Sabine Eisermann sprach dem Individuum in  diesem Prozess große Freiheit in der Verantwortung zu. So wie das Kind seine Nahrung selbst auswählen soll, um auf sich hören zu lernen (was schmeckt mir? Was tut mir gut?), so muss auch der Erwachsene prüfen, ob er Fleisch essen kann und will (beispielsweise um den Tieren, die in der Demeter-Kreislaufwirtschaft nötig sind, ihren Platz in der Entwicklungskette zu geben). Das kann und darf keine unkontrollierte Völlerei sein (wie sie heute betrieben und propagiert wird), aber es soll auch nicht verteufelt werden. Es hat seinen Platz. Die Natur wird beschrieben als ein Ort „intelligenter Verschwendung“. Das kann man als Lob aussprechen – und der Mensch darf davon profitieren. Es macht einen Unterschied, ob Tiere gegessen werden, weil das ihre letzte Verwendung im System Natur-Mensch-Tier ist, oder ob sie gezielt gezüchtet und gequält werden, um im Gewinnmaximierungssystem unserer Gesellschaft ausgebeutet und ermordet zu werden.

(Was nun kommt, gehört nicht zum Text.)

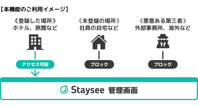 あらかじめ「ログインできる場所(例:ホテルのフロント、本部の事務所)」を登録しておくと、登録していない場所(例:悪意ある人物がいる場所、社員の自宅、海外など)からは一切ログインできなくなります。
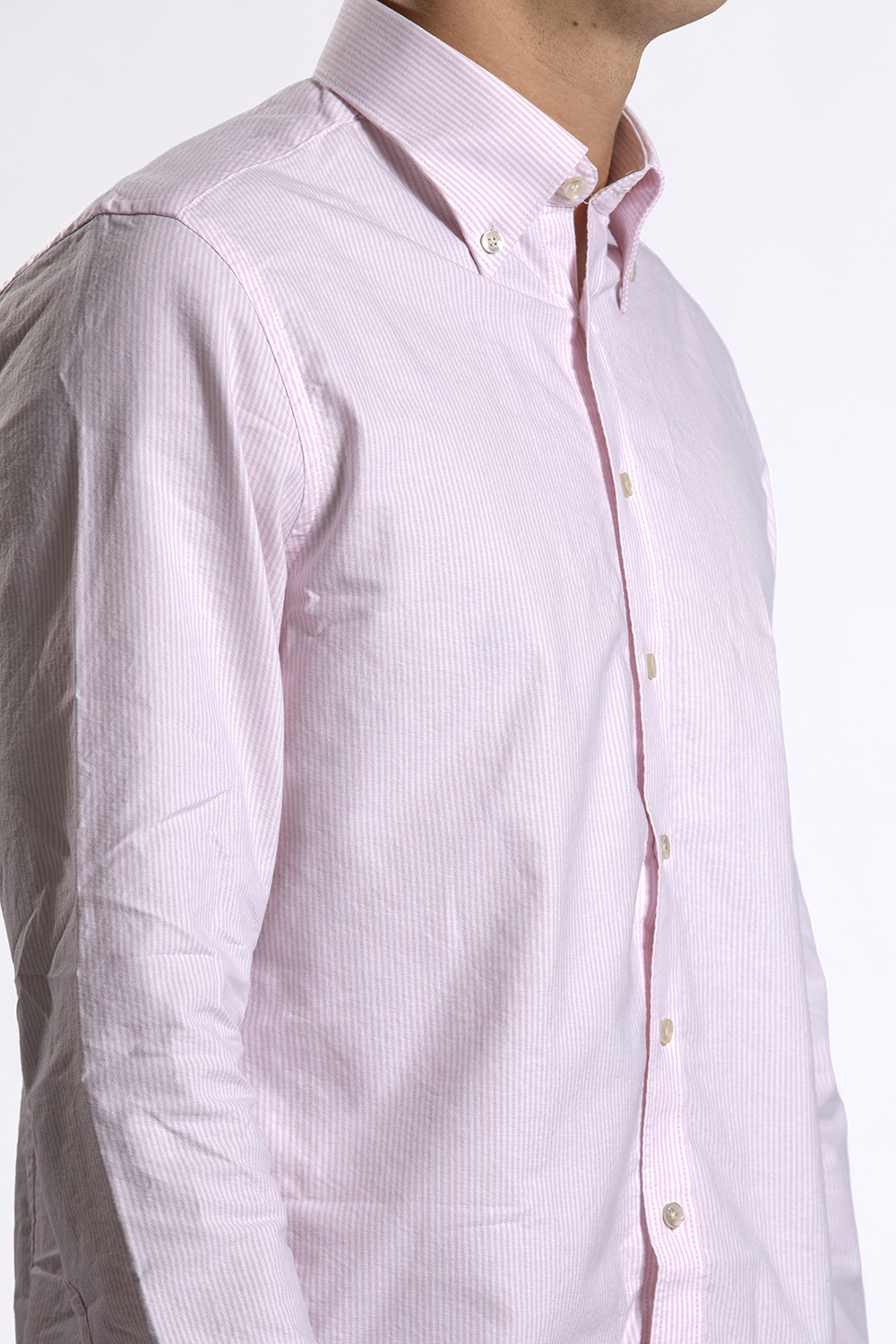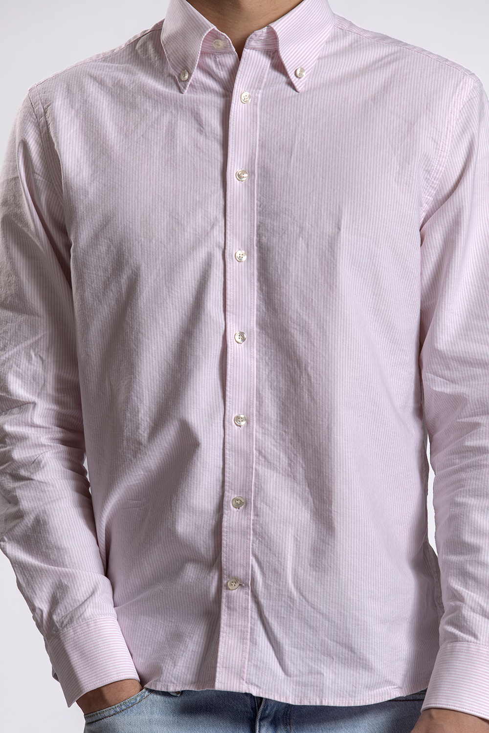 Look 12 Roze gestreept shirt van John Miller – lichtblauwe jeans van Kuyichi – sneakers H32

Natürlich sind diese Positionen (so sie denn hier überhaupt angemessen wiedergegeben werden) umstritten. Eine radikale vegane Ablehnung jeder Tiernutzung steht der flexiblen Haltung von Sabine Eisermann entgegen. Gleichwohl war ihr Vortrag von tiefem Humanismus geprägt, der Tier und Mensch gleichermaßen  einbezieht. Die Verwobenheit von moralischen, ethischen, biologischen, religiösen und psychologischen Betrachtungen wurde deutlich. Das daraus bestehende Ganze ist so komplex, dass wir immer nur Teilbereiche sehen oder verstehen können. Das fordert (wenn man sich dem anschließen will) die Fähigkeit, nicht nur wissen zu wollen, sondern auch glauben und vertrauen zu können. So wurde hier die Beziehung zwischen Mensch und Tier integriert in ein Weltbild. Nicht mehr und nicht weniger.